Universal Press continues to try to shut down operations making the stickers, but it’s a losing battle. As the strip’s late editor Lee Salem told Cleveland Scene in 2003, companies making bootleg stickers aren’t large operations — the legal cost of finding and pursuing all these tiny outfits would be incredibly prohibitive, and far exceed anything they’d make in damages. Since then, of course, the internet has made the idea of controlling such things laughable. “Mall stores openly sold T-shirts with drawings illegally lifted from my books, and obscene or drug-related shirts were rife on college campuses,” wrote Watterson. “Only thieves and vandals have made money from Calvin and Hobbes merchandise.”
The thing that seems slightly egregious and distasteful about it all is that Calvin and Hobbes, as a work of art, is basically perfect. It’s beautiful, hilarious, profound and occasionally heartbreaking. There’s a purity of vision to it — an unfakeable sincerity about the innocence of childhood and the magic of imagination — that makes all the peeing stuff just feel a bit grubby. Sure, the bootleg Simpsons shirts with “Crack Kills” on them showing Bart lodged between the buttocks of a large woman, or the “Bart Marley” ones where he’s smoking a huge joint, are much more adult than the show. But The Simpsons always had an element to it of nothing being sacred. Watterson’s creation is genuinely heartfelt — messing about with it feels that bit more sacreligious.

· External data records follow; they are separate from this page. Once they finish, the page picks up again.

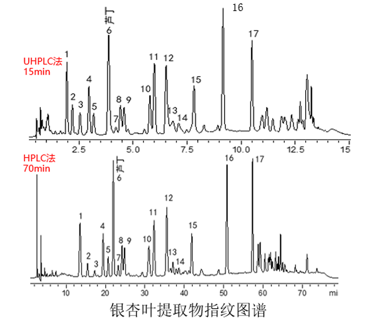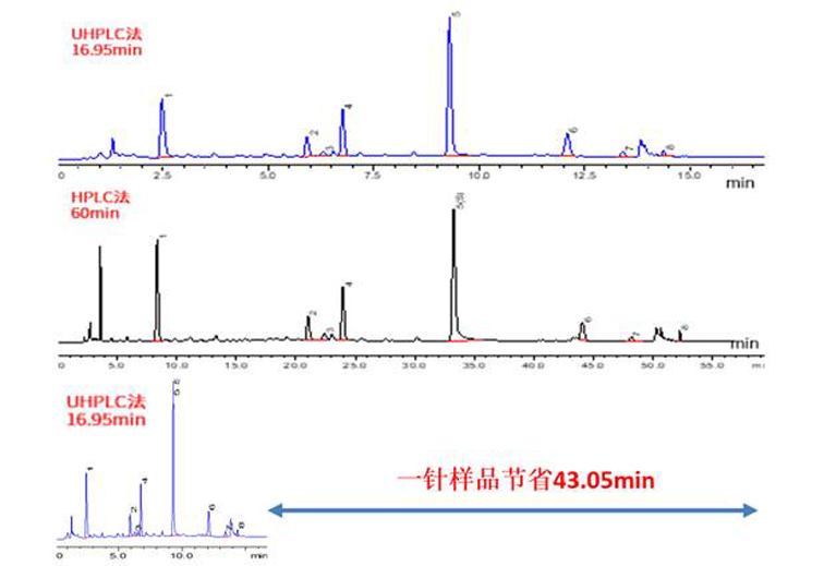 转换成UHPLC法后,分析效率提升至原来的3倍以上。转换成UHPLC法后,特征峰顺序、数量、RRT、相对峰面积均符合标准规定。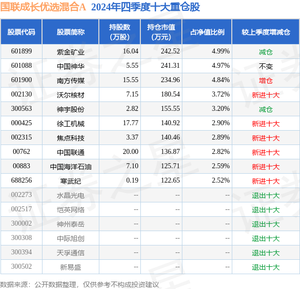 国联成长优选混合A为混合型-偏股基金,根据最新一期基金季报显示,该基金资产配置:股票占净值比89.7%,债券占净值比6.09%,现金占净值比3.85%。基金十大重仓股如下: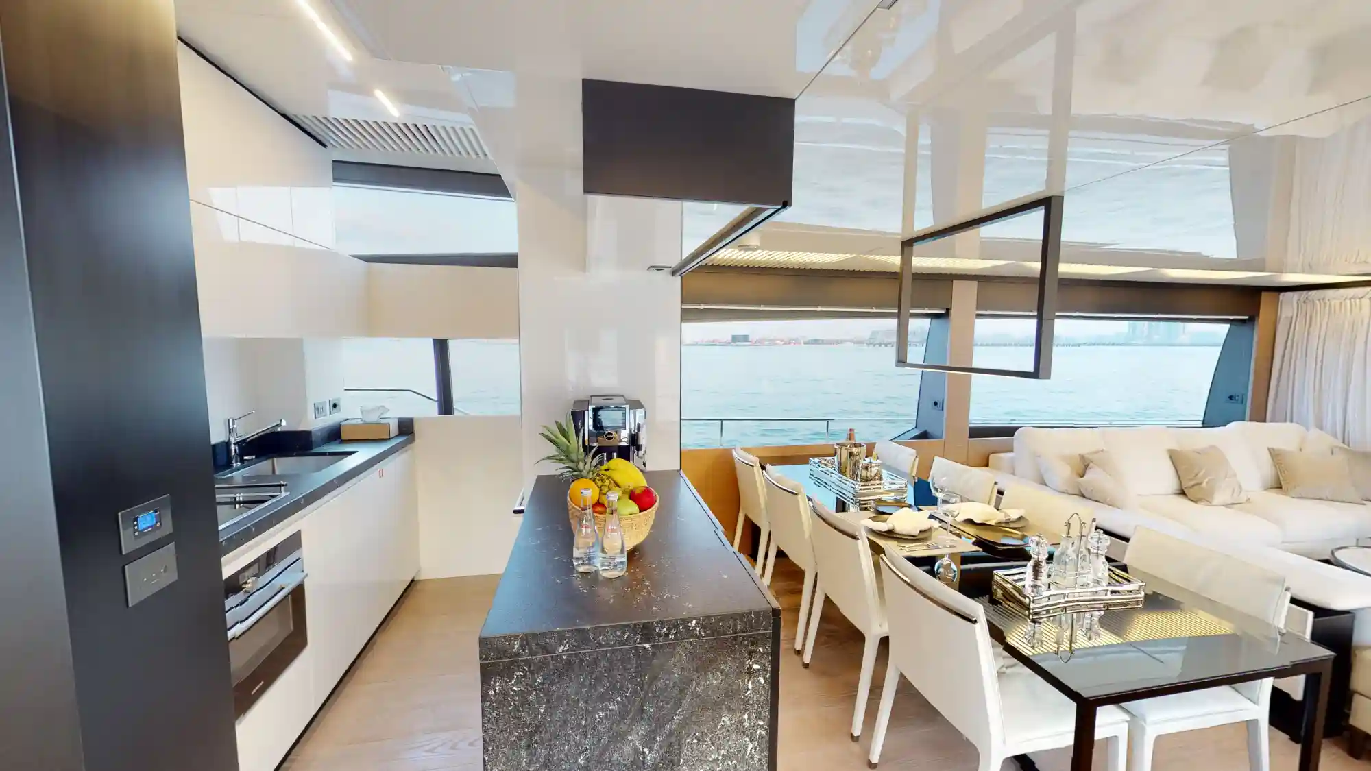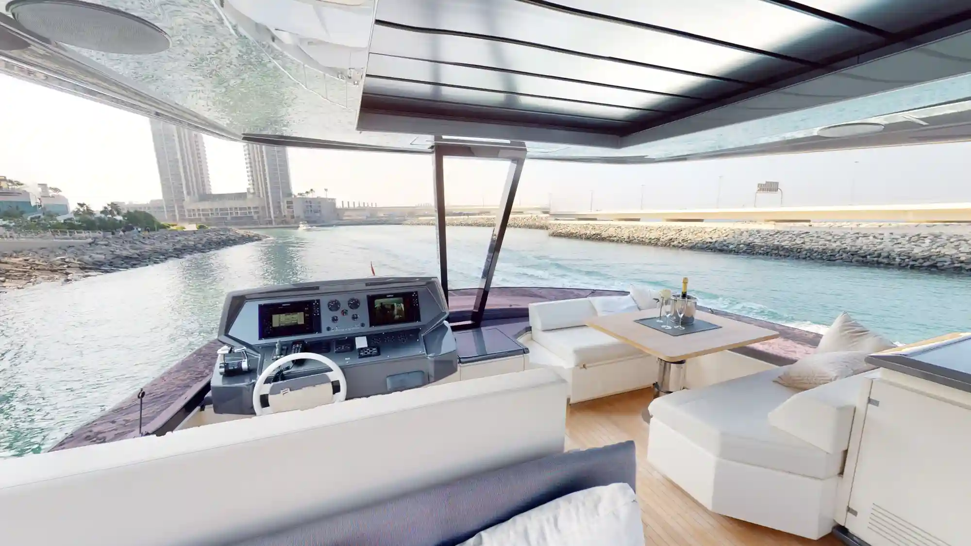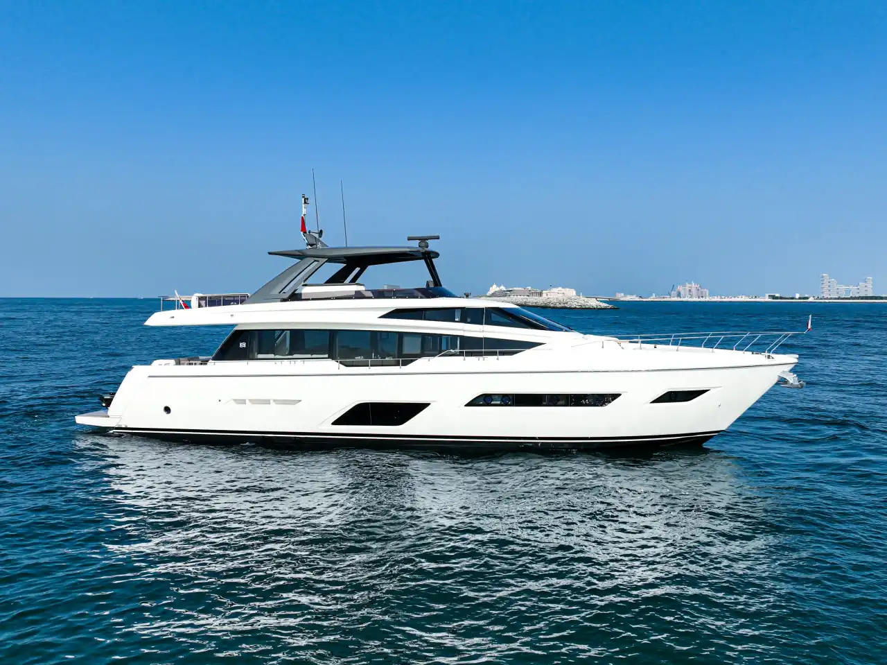 The premium Ferretti 78ft yacht, built in 2019, is available for rent in Dubai, UAE. It features 4 rooms, can accommodate up to 20 guests, and is operated by 3 professional and experienced crew members. Barbecue service is permitted onboard, with equipment available upon prior request. The Ferretti 78 is offered for rental at 5,000 AED per hour in Dubai.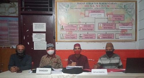 GardaMETRO.com, Bolsel - Pemerintah desa nunuk Dalam hal ini pjs sangadi Sarafudin taddi bersama ketua panitia pilsang Parwanto paputungan, menghimbau agar semua wajib pilih desa nunuk mengikuti protokol kesehatan Covid-19, Selasa (20/4/2021).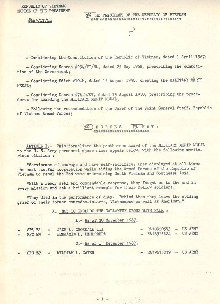 ARTICLES I.- This formalizes the posthumous award of the MILITARY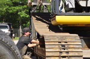 The guys at EER has been busy this week, taking on a job with the monster excavator that is the Kobelco SK350 they have been working on the tracks for it by use of our premier Track Press. Starting by using the excavator itself to very carefully maneuver it up onto place holders while the new tracks were pressed with aid of our brand new WTC Trackmaster TM200 Track Press machine. Once done pressing the new tracks with our brand new state of the art Track Press machine we had to then place them back onto the 36 foot long, 11 foot high and 80,000lbs machine. Using the boom and bucket to direct and pivot the excavator while the new tracks were put on very carefully using various skill and equipment in the process, the guys finally did it and with only four people needed. The guys also had to compress a tension spring by 12 inches which they accomplished by using our one-of-a-kind in house developed compression mechanism.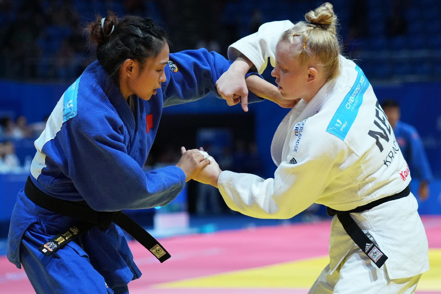 图为中国队选手冯贝贝(左)与荷兰队选手纳迪娅在比赛中。当日,在成都举行的第31届世界大学生夏季运动会柔道女子团体复活赛第一轮比赛中, 中国队以1比3不敌荷兰队,无缘半决赛。(图片来源:新华社)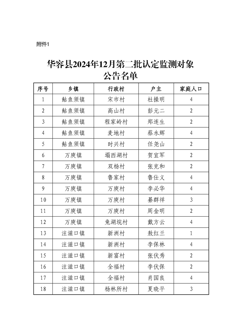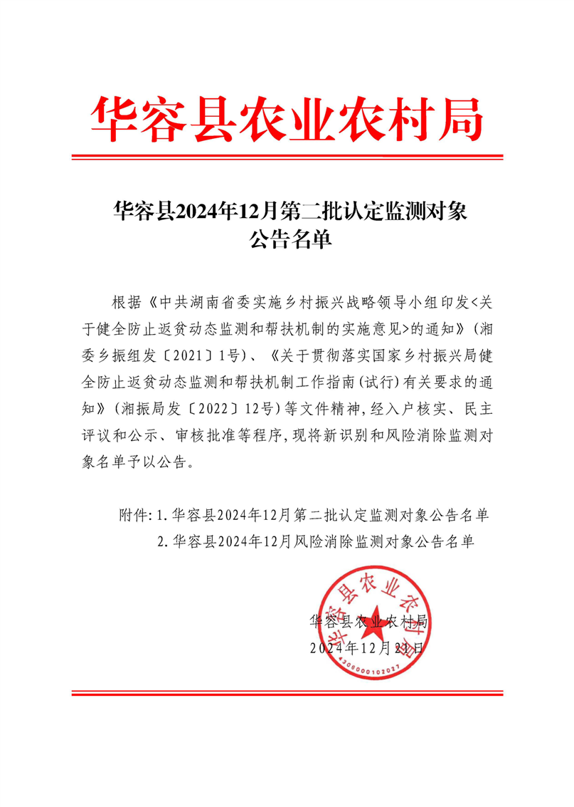 华容县2024年12月第二批认定和风险消除监测对象公告名单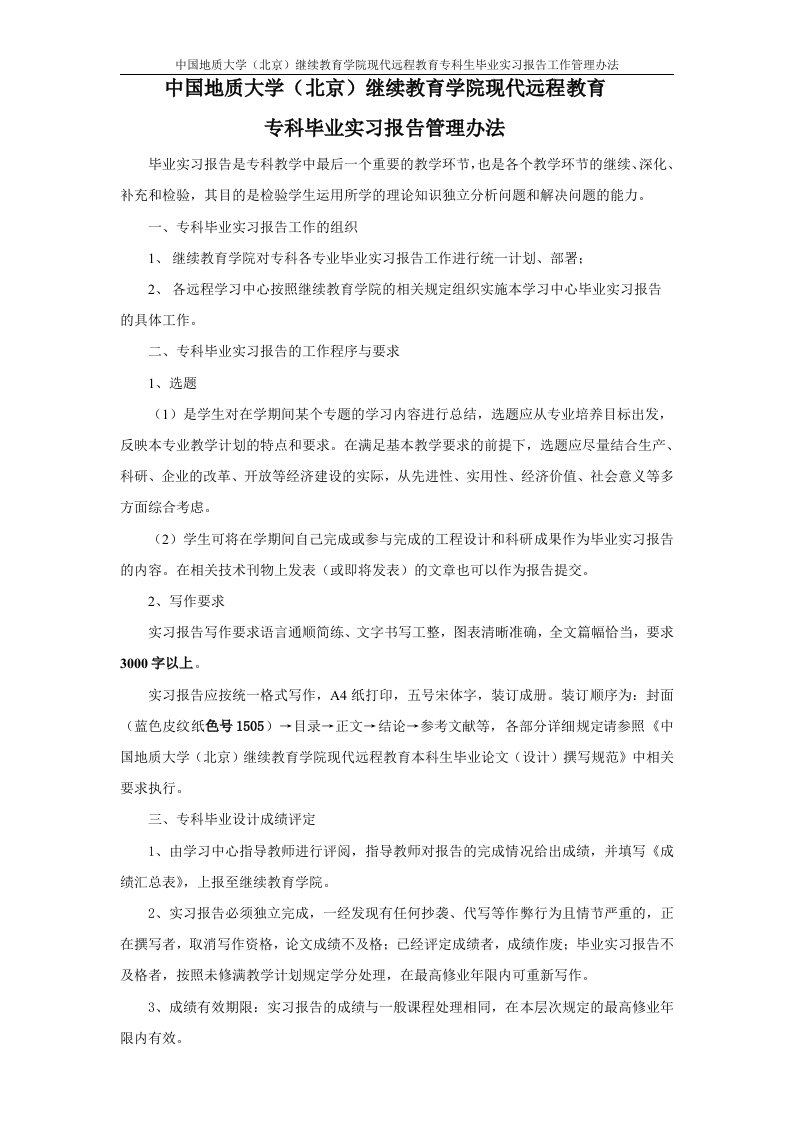 中国地质大学〔北京)继续教育学院现代远程教育专科生毕业实习报告工作管理办法中国地质大学(北京)继续教育学院现代远程教育专科毕业实习报告管理办法毕业实习报告是专科教学中最后一个重要的教学环节,也是各个教学环节的继续、深化、补充和检验,其目的是检验学生运用所学的理论知识独立分析问题和解决问题的能力。一、专科毕业实习报告工作的组织1、继续教育学院对专科各专业毕业实习报告工作进行统一计划、部署:2、各远程学习中心按照继续教育学院的相关规定组织实施本学习中心毕业实习报告的具体工作。二、专科毕业实习报告的工作程序与要求1、选题(1)是学生对在学期间某个专题的学习内容进行总结,选题应从专业培养目标出发,反映本专业教学计划的特点和要求。在满足基本教学要求的前提下,选题应尽量结合生产、科研、企业的改革、开放等经济建设的实际,从先进性、实用性、经济价值、社会意义等多方面综合考虑。(2)学生可将在学期间自己完成或参与完成的工程设计和科研成果作为毕业实习报告的内容。在相关技术刊物上发表(或即将发表)的文章也可以作为报告提交。2、写作要求实习报告写作要求语言通顺简练、文字书写工整,图表清晰准确,全文篇幅恰当,要求3000字以上。实习报告应按统一格式写作,A4纸打印,五号宋体字,装订成册。装订顺序为:封面(蓝色皮纹纸色号1505)→目录→正文→结论→参考文献等,各部分详细规定请参照《中国地质大学(北京)继续教育学院现代远程教育本科生毕业论文(设计)撰写规范》中相关要求执行。三、专科毕业设计成绩评定1、由学习中心指导教师进行评阅,指导教师对报告的完成情况给出成绩,并填写《成绩汇总表》,上报至继续教育学院。2、实习报告必须独立完成,一经发现有任何抄袭、代写等作弊行为且情节严重的,正在撰写者,取消写作资格,论文成绩不及格:己经评定成绩者,成绩作废:毕业实习报告不及格者,按照未修满教学计划规定学分处理,在最高修业年限内可重新写作。3、成绩有效期限:实习报告的成绩与一般课程处理相同,在本层次规定的最高修业年限内有效。

Making matters worse, the popularity of a cultural meme like the peeing Calvin sticker is self-perpetuating — once it became a staple, more and more riffs and spins on it became inevitable. There are redrawn versions that resemble the original less and less, gender-flipped versions (squatting to pee on the word ‘MEN’) and a surprising amount of religious ones, with the mischievous little scamp imploring people to pray. But peeing remains Knockoff Calvin’s main activity. There he is, on the backs of millions of cars, pissing away.
At least Watterson has gotten to a point where he has a sense of humor about it. In 2013, Mental Floss journalist Jake Rossen asked him, “Owing to spite or just a foul mood, have you ever peeled one of those stupid Calvin stickers off of a pickup truck?” To which Watterson replied, “I figure that, long after the strip is forgotten, those decals are my ticket to immortality.”